CB – As emissoras de TV também têm mostrado, cada vez mais, preferência por determinado viés político. Algumas parecem mais preocupadas com dinheiro do que com informação. A proximidade da eleição presidencial revela claramente esse fenômeno. Você concorda com o papel exercido pelas emissoras? Sempre existiu isso?

FM – A comunicação tem veículos parciais desde o seu início enquanto atividade profissional. Basta lembrar dos jornais que existiam no século 19: havia publicações assumidamente monarquistas, republicanas, escravagistas, abolicionistas… Os editoriais, inclusive, servem para que o dono do veículo diga de que lado está nas situações que lhe interessam. Conforme os veículos cresceram em termos de estrutura e fatia de mercado, cresceu também a necessidade deles falarem para públicos maiores. Por isso, a busca por discursos mais neutros, pretensamente imparciais, se fez necessária. Com o avanço dos meios digitais e a pulverização da oferta e do consumo, os nichos ficaram ainda mais relevantes. Nesse sentido, tomar partido significa escolher um segmento de consumo para atender e, assim, ganhar dinheiro. Em suma: jornalismo parcial e jornalismo que busca a imparcialidade são dois lados de uma mesma moeda.

CB – Eu vejo a internet tomando cada vez mais conta do mercado. Existem mais filmes, programas e pessoas com possibilidade de se destacar sem a “panela” das grandes corporações. Eu te pergunto: como você enxerga a internet daqui a alguns anos? O céu é o limite, ou não há limite para internet?

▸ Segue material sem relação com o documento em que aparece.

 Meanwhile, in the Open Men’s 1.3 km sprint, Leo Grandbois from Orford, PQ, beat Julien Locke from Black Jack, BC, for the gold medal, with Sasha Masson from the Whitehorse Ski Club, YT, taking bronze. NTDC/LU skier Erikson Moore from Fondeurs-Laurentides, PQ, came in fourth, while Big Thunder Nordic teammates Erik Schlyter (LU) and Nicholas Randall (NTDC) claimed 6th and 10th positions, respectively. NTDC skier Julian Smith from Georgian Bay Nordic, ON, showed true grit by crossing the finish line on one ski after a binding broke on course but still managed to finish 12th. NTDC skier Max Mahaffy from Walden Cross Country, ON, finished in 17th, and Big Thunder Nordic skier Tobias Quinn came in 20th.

FM – A internet pode ser encarada sob dois aspectos: meio de comunicação com linguagem própria e tecnologia para transmissão de dados em geral. O primeiro aspecto é muito discutido por teóricos, afinal, a web é tão ampla que comporta qualquer tipo de linguagem. O segundo aspecto é ainda mais abrangente, resvalando nos meios analógicos. Por exemplo: diante da expansão da banda larga, notadamente com o 5G, como ficará a transmissão por ondas de rádio, que é a base do AM, do FM e da TV aberta? Será que as outorgas de radiodifusão continuarão tão valiosas? Temos que pensar também no contexto regulatório, que ainda precisa avançar bastante quando o assunto é internet. Muita gente ainda pensa que rede social é terra sem lei. Essa percepção equivocada precisa mudar. A web é mais que futuro: ela é presente. Todas as demais mídias dependem dela, de uma forma ou de outra. Em contrapartida, não podemos achar que a internet é a fronteira final da humanidade. Logo surgirá um meio melhor, que abrirá novas oportunidades e aumentará o nosso caos midiático. A web não tem limites. A criação humana tampouco. Sendo assim, qualquer previsão a longuíssimo prazo se mostra precipitada.

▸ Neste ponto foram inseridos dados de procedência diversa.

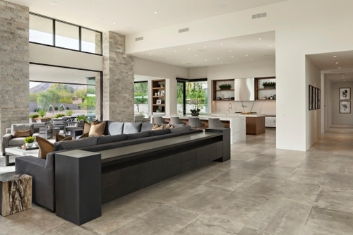 Maximizing the 5,652 sq ft, a seamless connection of interior and exterior spaces through pocketing glass doors extends public spaces to the outdoors and highlights the fantastic Camelback Mountain views.

CB – Fernando, além de ser acadêmico, você está sempre comentando ou participando de entrevistas na frente da tela. Então vamos para a pergunta-chave da coluna: quando o Fernando está “Por Trás da Tela”, o que ele gosta de fazer?

FM – Eu, em geral, estou diante de telas. Gosto muito de jornalismo e permaneço o dia inteiro atento ao noticiário. O Botafogo, por sinal, vem ocupando um tempo cada vez maior dentro do meu consumo de mídia. John Textor renovou as esperanças de todos nós, alvinegros. Também gosto muito de aproveitar a minha cidade, o Rio de Janeiro, e viajar. Tenho laços fortíssimos com o sul do Brasil. No campo profissional, sigo com as minhas atividades de professor universitário e empresário, prestando consultorias e ministrando palestras e treinamentos.

CB – Fernando, muitíssimo obrigado pela visita! Eu te espero mais vezes por aqui!

FM – Amigo Christiano, sou eu que agradeço pelo convite, pelo espaço e, sobretudo, pela confiança ao longo de todos esses anos. Estarei sempre à disposição de você e dos leitores do Observatório da TV. Até a próxima!